IBM Cloud Speech-to-Text: Two Implementations

Thomas David Kehoe
10 min readApr 2, 2020

Three years ago I implemented IBM Cloud Speech-to-Text into my web app LanguageTwo. It was the worst part of my app. The streaming WebSockets connection was unreliable at best. I’ve spent three weeks fixing it.

My project uses AngularJS and Firebase.

My first plan was to discontinue the WebSockets streaming and instead record each audiofile, save it to the database, send the file to the IBM Cloud for processing, and then send the response to the browser to display to the user.

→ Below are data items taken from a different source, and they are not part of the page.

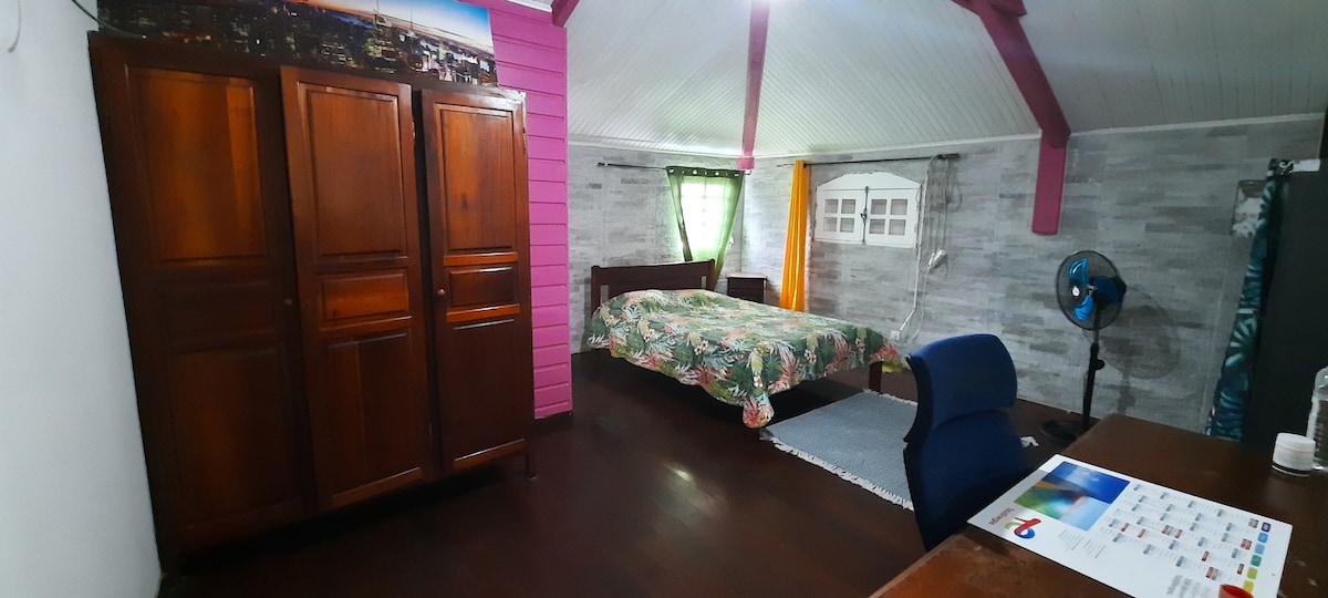 Kontan wè zot! (Benvenuti). Qui avete un GRANDE GIARDINO + PARCHEGGIO SICURO con spazio fumatori all'aperto. L'alloggio è perfettamente situato: - a 15 minuti di auto dall'aeroporto, - fermate di autobus + TCSP di fronte all'alloggio, - a 15 minuti a piedi: > le navi da crociera o Express delle isole, > la spiaggia della Française e il Fort Saint-Louis, > il mercato coperto +shopping, > la navetta marittima per il sud. Il TRASPORTO aeroporto/porto è a pagamento. TARIFFA RIDOTTA: SETTIMANA/MESE.
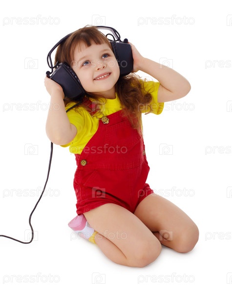Девочка слушает музыку в наушниках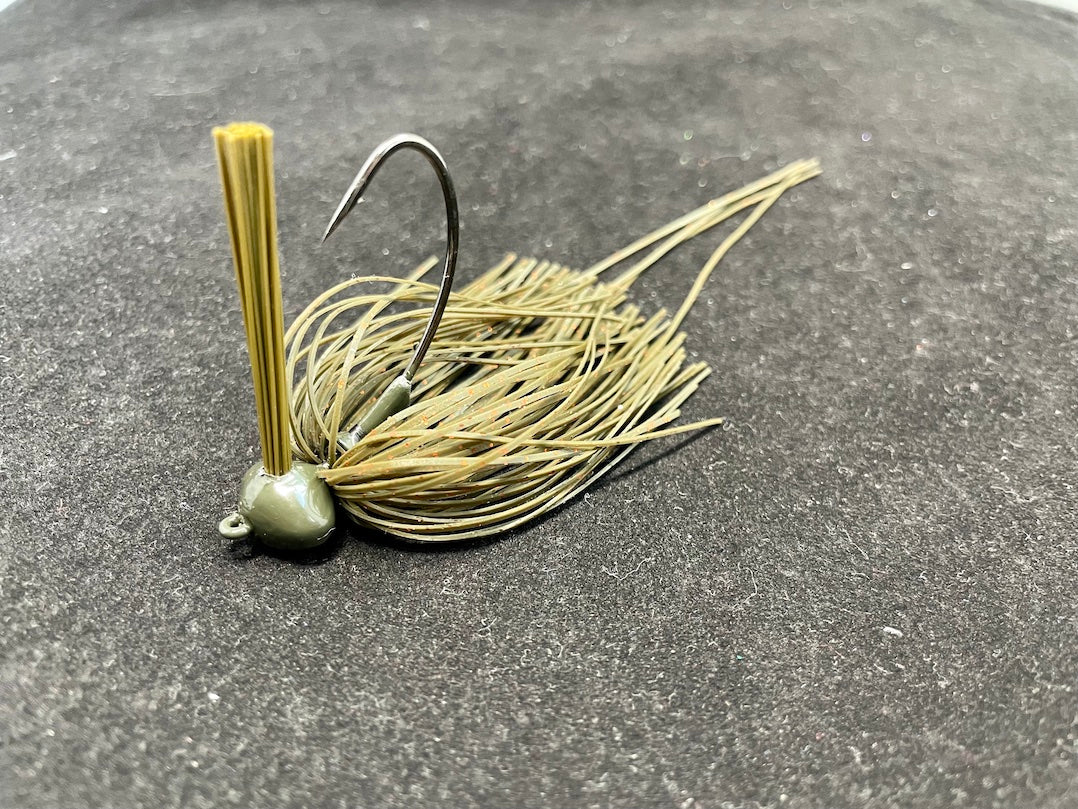 This football jig utilizes a unique custom bent Gamakatsu medium wire hook. The hook has the best of both worlds! The diameter of the hook combined with a wide gap makes this jig perform better on those long casts over open water that normally is associated with using football jigs.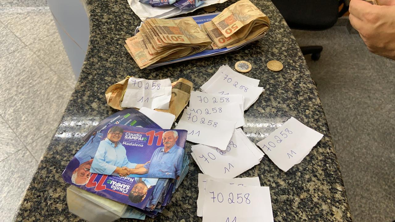 Com o candidato, foram apreendidos R$ 2.050 e 100 santinhos, além de panfletos da candidata a Prefeitura de Santa Maria Madalena Claudia Sampaio.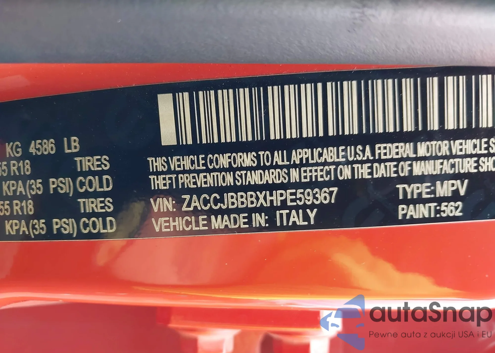 • VIN ZACCJBBBXHPE59367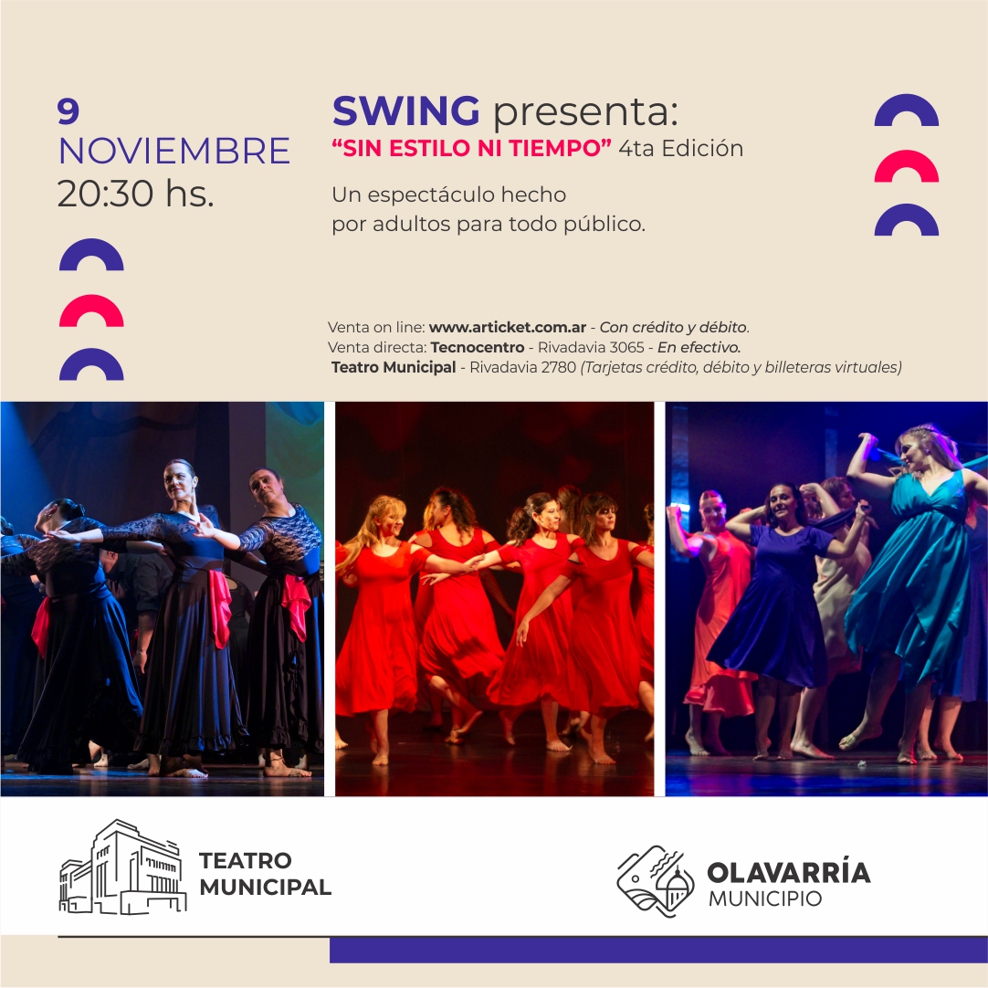 El estudio de danza Swing anuncia la 4ta edición de “Sin estilo ni tiempo”, un espectáculo hecho por adultos para todo público, donde podrán disfrutar de muchos artistas locales en escena. Ellos mostrarán su arte mediante las danzas folklóricas, flamencas, árabes, contemporáneas, modernas, alemanas. Olavarría cuenta con muchas agrupaciones y estudios donde los jóvenes adultos y adultos mayores pueden seguir disfrutando del enorme placer de bailar y además hacerlo con un gran compromiso y profesionalismo.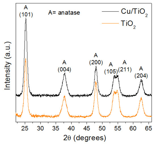 Figure 2 shows the X-ray diffraction patterns of the synthesized catalysts. As can be seen, the materials exhibited only characteristic peaks of the anatase TiO2 crystalline phase corresponding to the planes (101), (004), (200), (105), (211), and (204), which are located at 2θ values of 25.29°, 37.94°, 47.97°, 53.91°, 55.03°, and 62.65°, respectively [37]. Copper species can be present in the Cu/TiO2 catalysts as Cu2+, based on the used synthesis method [38], these species were later confirmed by XPS. These species exhibit ionic radii (0.072 nm) very similar to those of the Ti4+ species (0.068 nm) that are part of TiO2 and they are probably well dispersed within the structure of anatase crystals [39], so that no peak with respect to copper oxides was observed (see Figure 2). On the other hand, a slight shift in the position of the (101) anatase peak towards higher 2θ values is related to the crystal lattice distortion by Cu species, which reduces crystal growth [40]. As can be seen in Table 3, the addition of Cu cations in the titania reduces the average crystalline size from 8.22 nm to 7.98 nm, and an increase in the lattice distortion can be observed. The copper content in the catalyst, determined by atomic absorption spectroscopy, was 3.8 wt.%, as can be seen in Table 3. This value is in good agreement with the theoretical value of 3.9 wt.%. Energy dispersive spectroscopy analysis was also carried out and showed a value of 3.75 wt.% Cu (see Figure S1).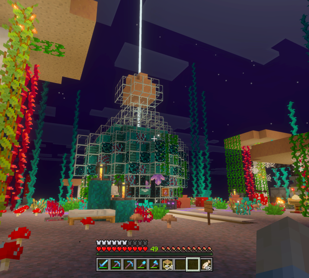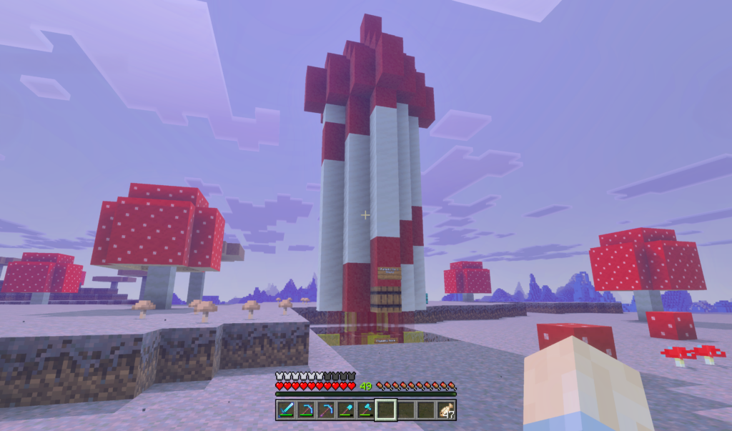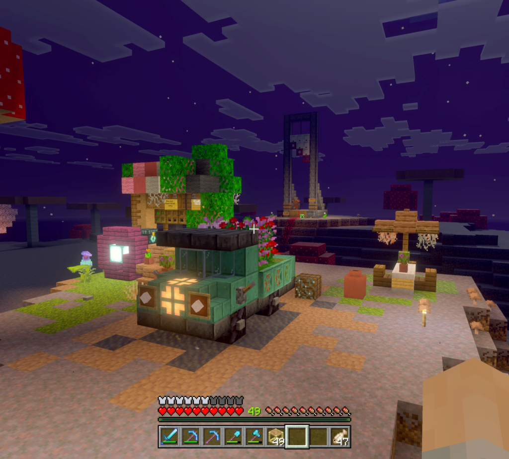 Welcome to the Humble Mall! Our shopping district is just getting started. We settled on a peaceful mushroom island that is just a Nether hop away from spawn. You can take the ice boat, train, or fly through the North wing of the Nether hub. Once you arrive, you can take a walk through a curated display of wildlife.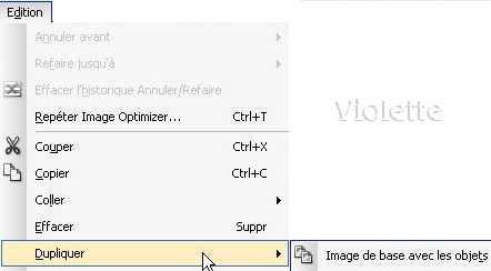 Dans la barre de menu /Cliquer sur "Edition" puis sur "Dupliquer" choisir "image de base avec objet"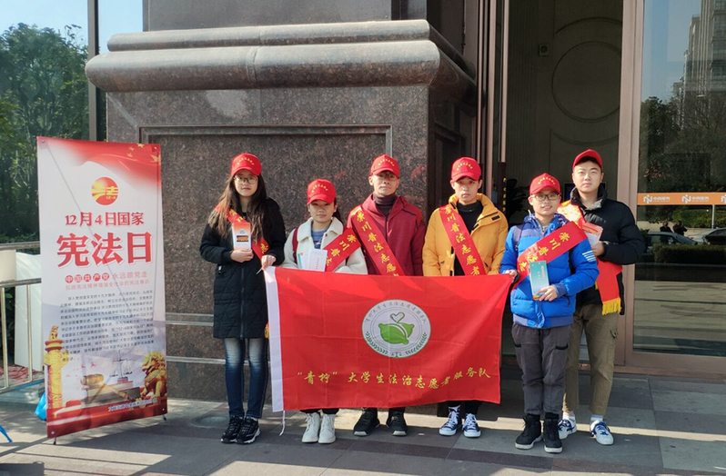 12月3日,在第六个国家宪法日即将到来之际,经济与管理学院“青柠”法治志愿者服务队的6名志愿者携手崇川区文峰街道,在中央商务区开展“12•4宪法日”法治宣传活动。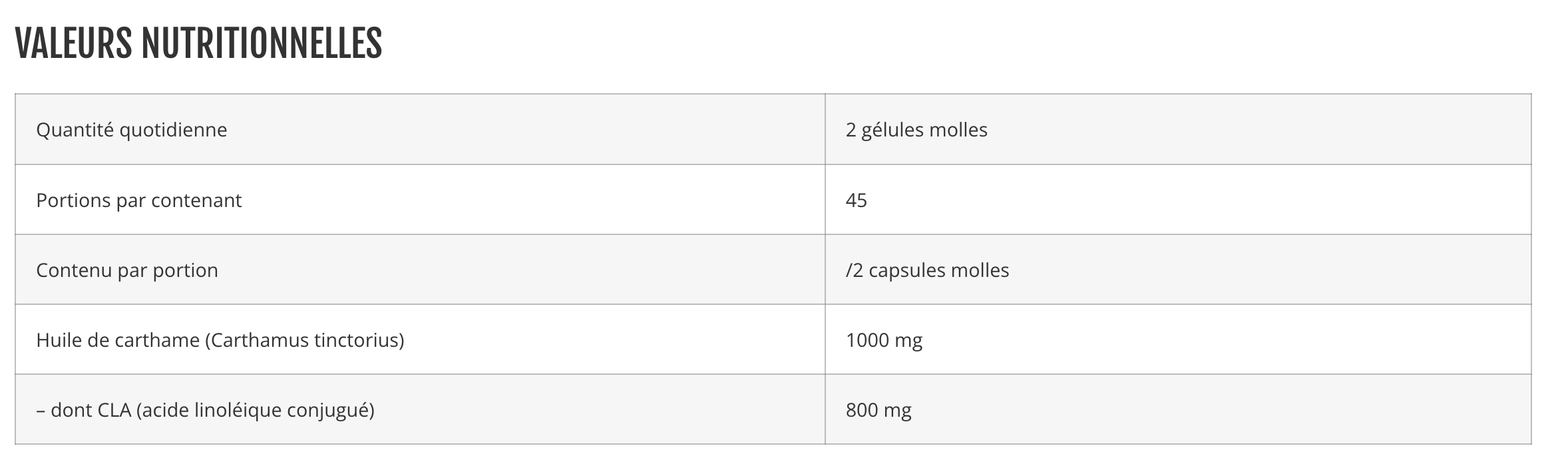 Type de produit : CLA (acide linoléique conjugué) en gélules

I spent a week figuring out how to set up the browser to record from the microphone. It turns out that there’s an old way, using Navigator.getUserMedia(), and a new way using MediaDevices.getUserMedia(). There are tons of libraries that use the old way, badly. I had to dig through those before I found the new way. The new way is easy. First, in the template I created two buttons (Bootstrap) to start and stop the recording, and room for the results.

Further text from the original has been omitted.